Yttrium-90 Radioembolization for Liver-Dominant Metastatic Prostate Cancer: A Case Series.

机构信息

Department of Diagnostic Imaging and Interventional Radiology, H. Lee Moffitt Cancer Center, Tampa, Florida; Medical Imaging Centre, Semmelweis University, Budapest, Hungary.

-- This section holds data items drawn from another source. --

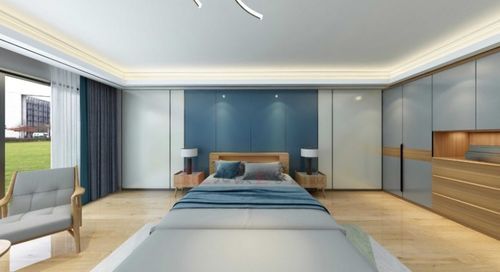主卧同样是不脱离简约为主的设计手法,带有优雅的独特调性,营造睡眠时须要的宁静感受。
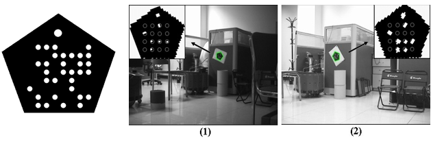 圖6 面向機器人視覺系統(tǒng)的MR-二維碼,左圖是MR-二維碼,右圖(1)和(2)是MR-二維碼在不同光照下的識別效果
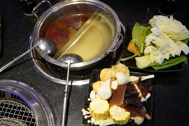 火鍋部份有三種湯頭可選擇,昆布、麻辣、泡菜
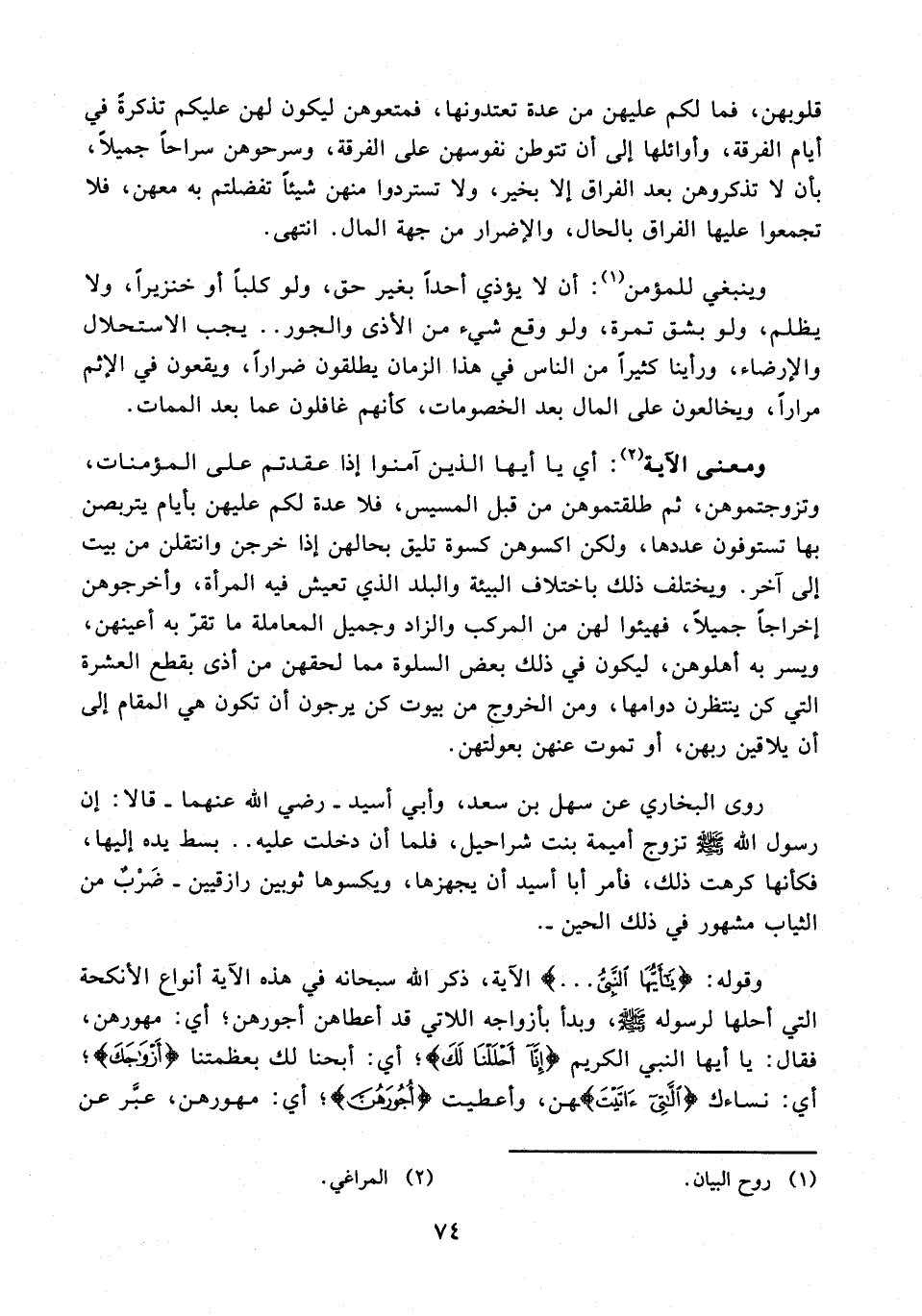 ومعنى الآية (¬2): أي يا أيها الذين آمنوا إذا عقدتم على المؤمنات، وتزوجتموهن، ثم طلقتموهن من قبل المسيس، فلا عدة لكم عليهن بأيام يتربصن بها تستوفون عددها, ولكن اكسوهن كسوة تليق بحالهن إذا خرجن وانتقلن من بيت إلى آخر. ويختلف ذلك باختلاف البيئة والبلد الذي تعيش فيه المرأة، وأخرجوهن إخراجًا جميلًا، فهيئوا لهن من المركب والزاد وجميل المعاملة ما تقرّ به أعينهن، ويسر به أهلوهن، ليكون في ذلك بعض السلوة مما لحقهن من أذى بقطع العشرة التي كن ينتظرن دوامها، ومن الخروج من بيوت كن يرجون أن تكون هي المقام إلى أن يلاقين ربهن، أو تموت عنهن بعولتهن.

Department of Diagnostic Imaging and Interventional Radiology, H. Lee Moffitt Cancer Center, Tampa, Florida.

出版信息

J Vasc Interv Radiol. 2022 Sep;33(9):1061-1065. doi: 10.1016/j.jvir.2022.05.023.

Abstract

Transarterial radioembolization (TARE) with yttrium-90 glass microspheres is widely used to treat primary and secondary malignancies in the liver. However, the safety and efficacy of TARE in patients with liver-dominant metastatic castration-resistant prostate cancer (mCRPC) is unknown. A proof-of-concept, retrospective analysis of 7 consecutive patients with liver-dominant mCRPC who were treated with TARE was performed. The median overall survival was 27.2, 32.1, and 108.1 months from the time of TARE, the diagnosis of liver metastases, and initial cancer diagnosis, respectively. The median liver progression-free survival was 7.3 months. No grade 3 or higher adverse effects were noted. TARE was found to be a safe and effective tool for treating patients with liver-dominant mCRPC in this limited cohort.

摘要

经动脉放射性栓塞术(TARE)联合钇-90 玻璃微球被广泛用于治疗肝脏原发性和继发性恶性肿瘤。然而,对于肝脏转移去势抵抗性前列腺癌(mCRPC)患者,TARE 的安全性和有效性尚不清楚。本研究回顾性分析了 7 例接受 TARE 治疗的肝脏转移去势抵抗性前列腺癌患者,这是一项概念验证研究。从 TARE 治疗时间、肝转移诊断时间和初始癌症诊断时间开始,患者的中位总生存期分别为 27.2、32.1 和 108.1 个月。中位肝脏无进展生存期为 7.3 个月。未观察到 3 级或更高级别的不良反应。在这个有限的队列中,TARE 被发现是治疗肝脏转移去势抵抗性前列腺癌患者的一种安全有效的工具。